» **Your objective**: Only the lines below from the one that holds "For Twilight fans" through the one that holds "Row of fully" should appear in the answer, copied exactly, end lines included and pictures omitted.

» **Data to process**:
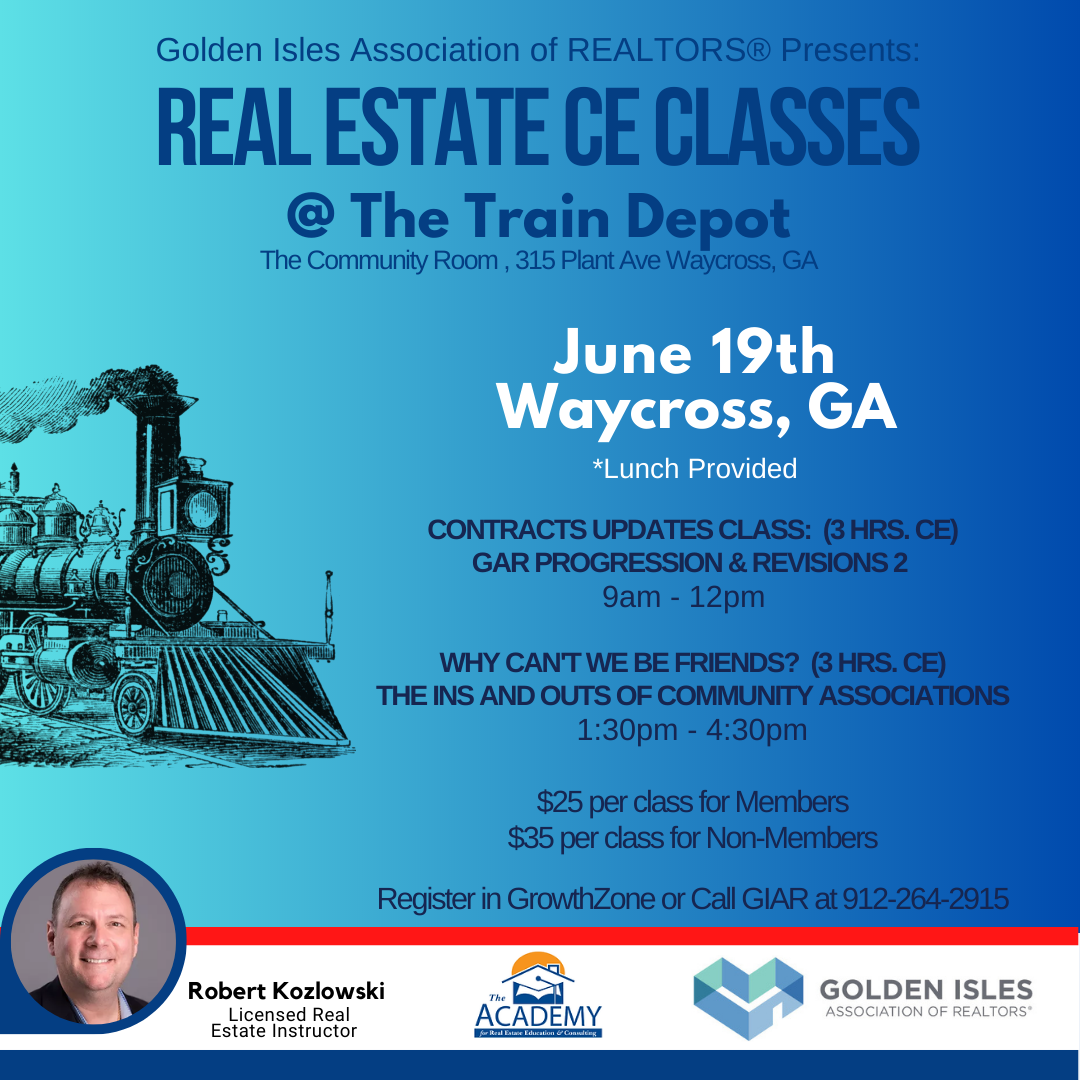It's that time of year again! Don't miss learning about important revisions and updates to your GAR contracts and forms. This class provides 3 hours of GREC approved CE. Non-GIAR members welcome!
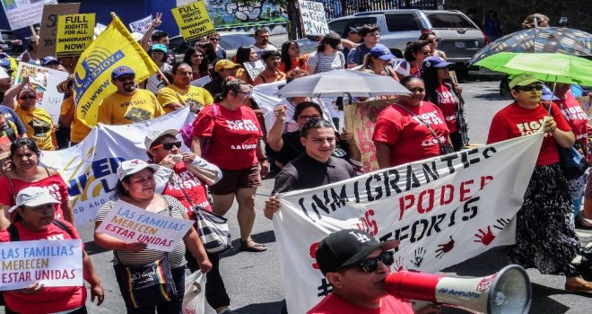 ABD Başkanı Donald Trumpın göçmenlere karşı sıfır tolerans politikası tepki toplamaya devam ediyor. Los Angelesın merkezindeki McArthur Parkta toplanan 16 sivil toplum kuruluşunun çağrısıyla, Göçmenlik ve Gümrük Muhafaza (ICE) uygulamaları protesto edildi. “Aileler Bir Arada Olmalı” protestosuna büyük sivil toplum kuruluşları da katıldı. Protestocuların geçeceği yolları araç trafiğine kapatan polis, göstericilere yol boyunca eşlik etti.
...
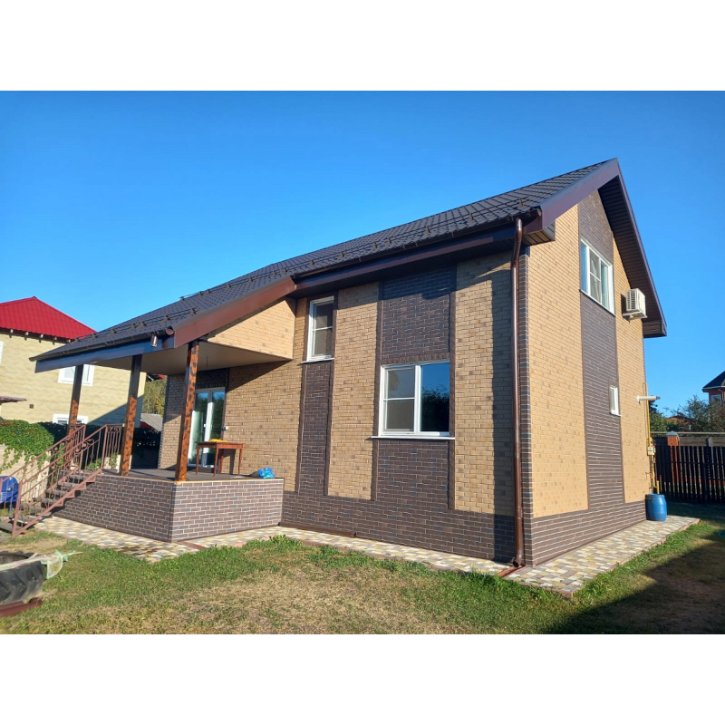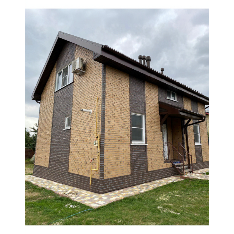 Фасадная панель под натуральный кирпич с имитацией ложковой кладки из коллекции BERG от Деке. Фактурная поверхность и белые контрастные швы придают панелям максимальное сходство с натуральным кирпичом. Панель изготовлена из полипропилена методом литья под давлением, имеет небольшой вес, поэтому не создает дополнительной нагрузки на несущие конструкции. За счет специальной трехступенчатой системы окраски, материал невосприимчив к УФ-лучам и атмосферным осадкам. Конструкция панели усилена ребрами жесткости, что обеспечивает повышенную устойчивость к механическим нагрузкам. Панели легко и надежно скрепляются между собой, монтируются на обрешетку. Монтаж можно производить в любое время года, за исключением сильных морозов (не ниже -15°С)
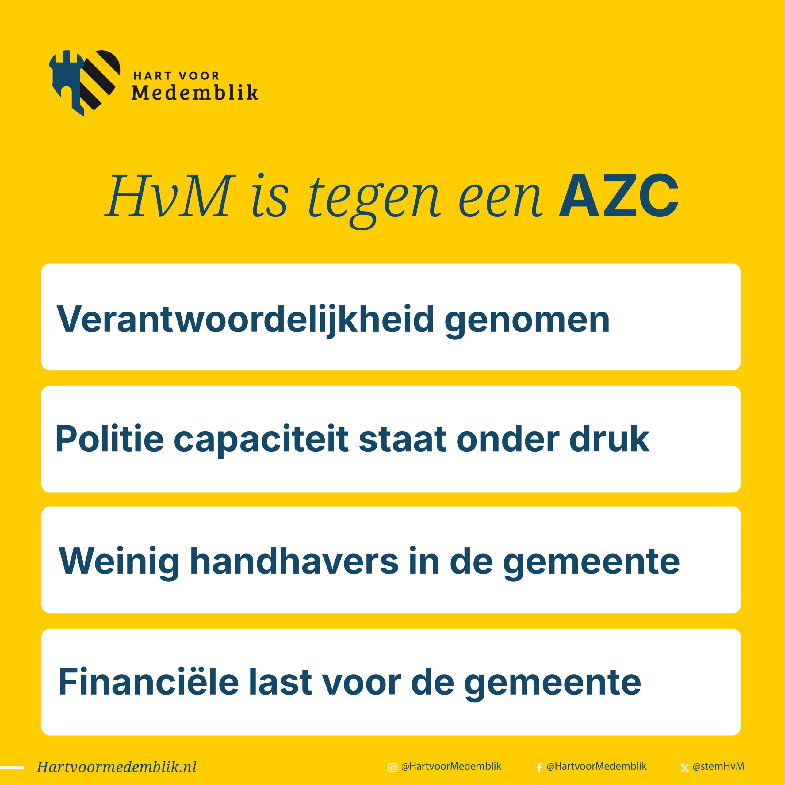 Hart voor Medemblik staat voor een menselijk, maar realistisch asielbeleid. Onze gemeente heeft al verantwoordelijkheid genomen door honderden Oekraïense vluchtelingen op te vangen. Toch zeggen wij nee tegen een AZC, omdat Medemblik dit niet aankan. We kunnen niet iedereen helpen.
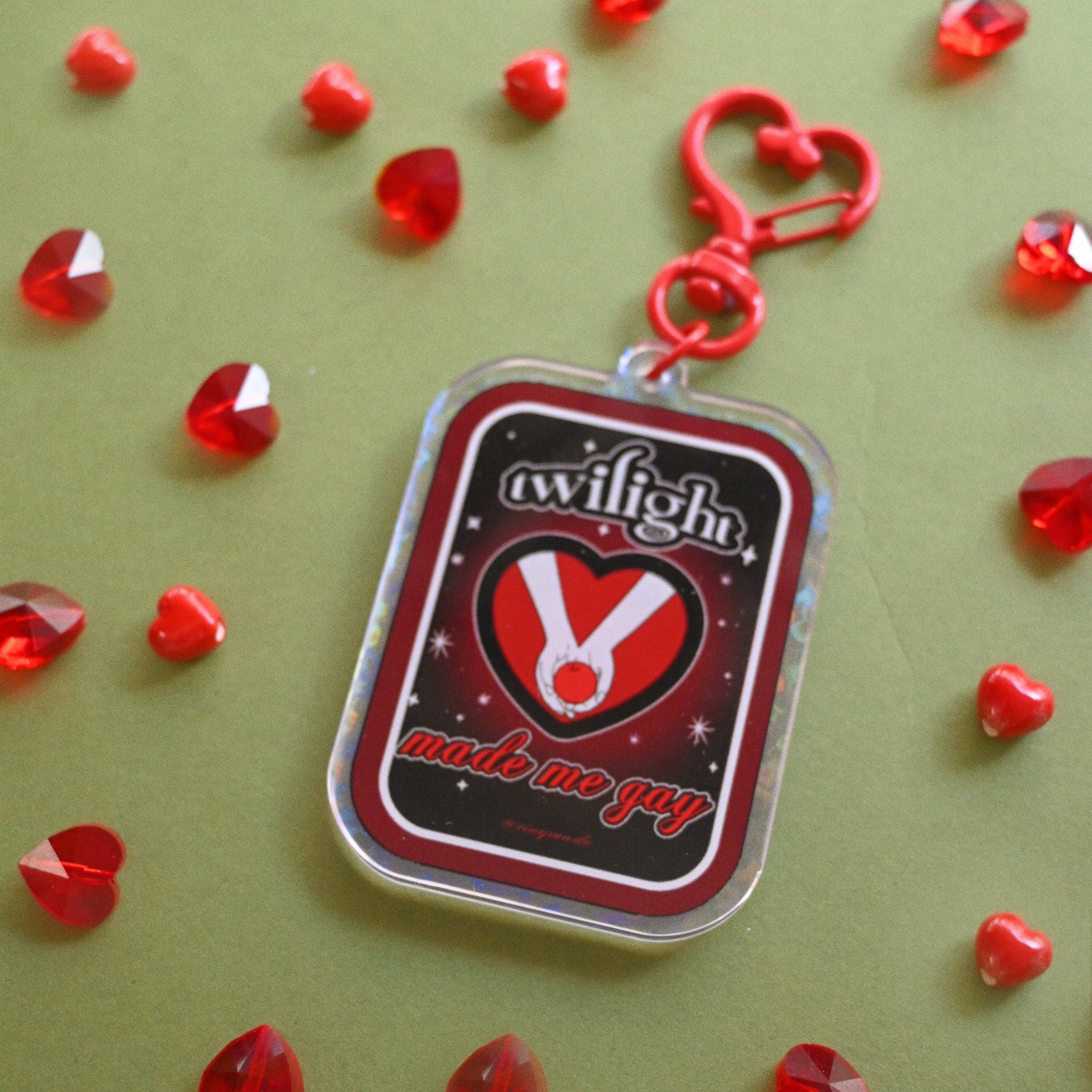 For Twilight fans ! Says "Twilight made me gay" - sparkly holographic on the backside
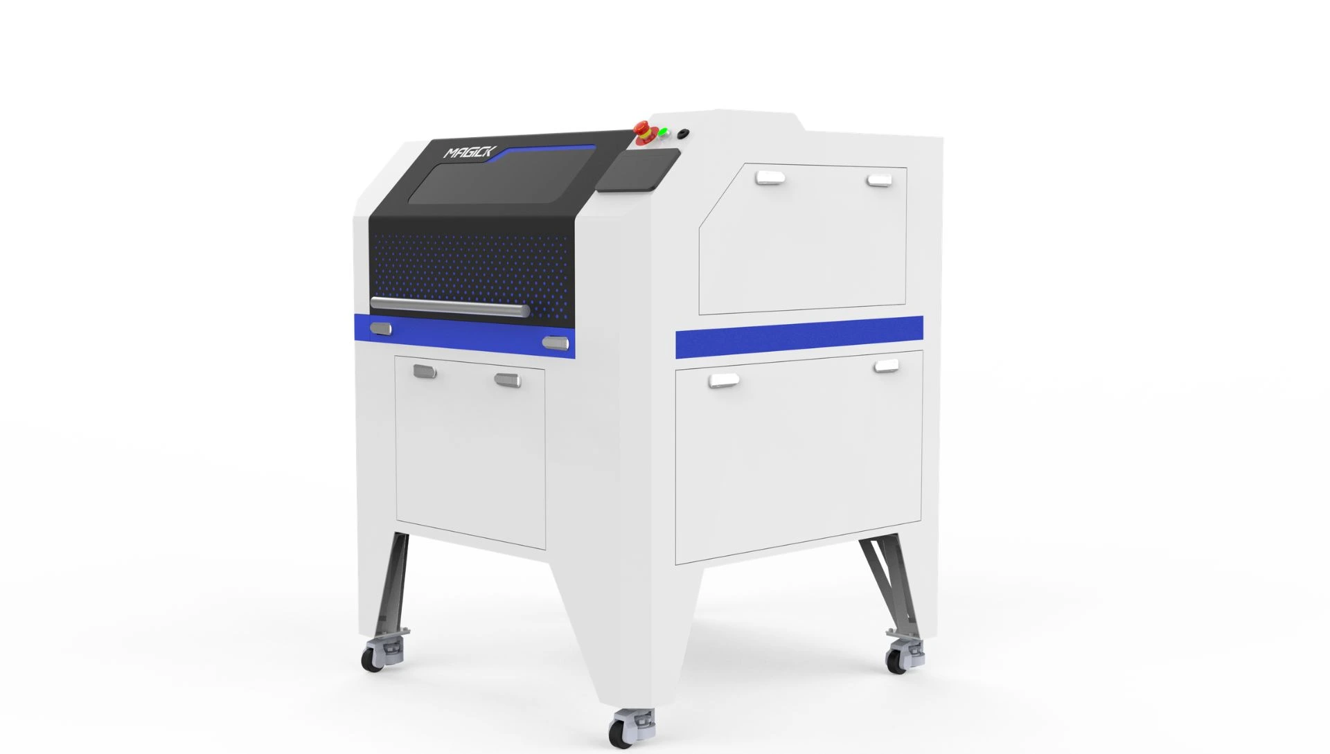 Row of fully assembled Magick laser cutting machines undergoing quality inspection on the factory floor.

» **Answer**:
 For Twilight fans ! Says "Twilight made me gay" - sparkly holographic on the backside
 Row of fully assembled Magick laser cutting machines undergoing quality inspection on the factory floor.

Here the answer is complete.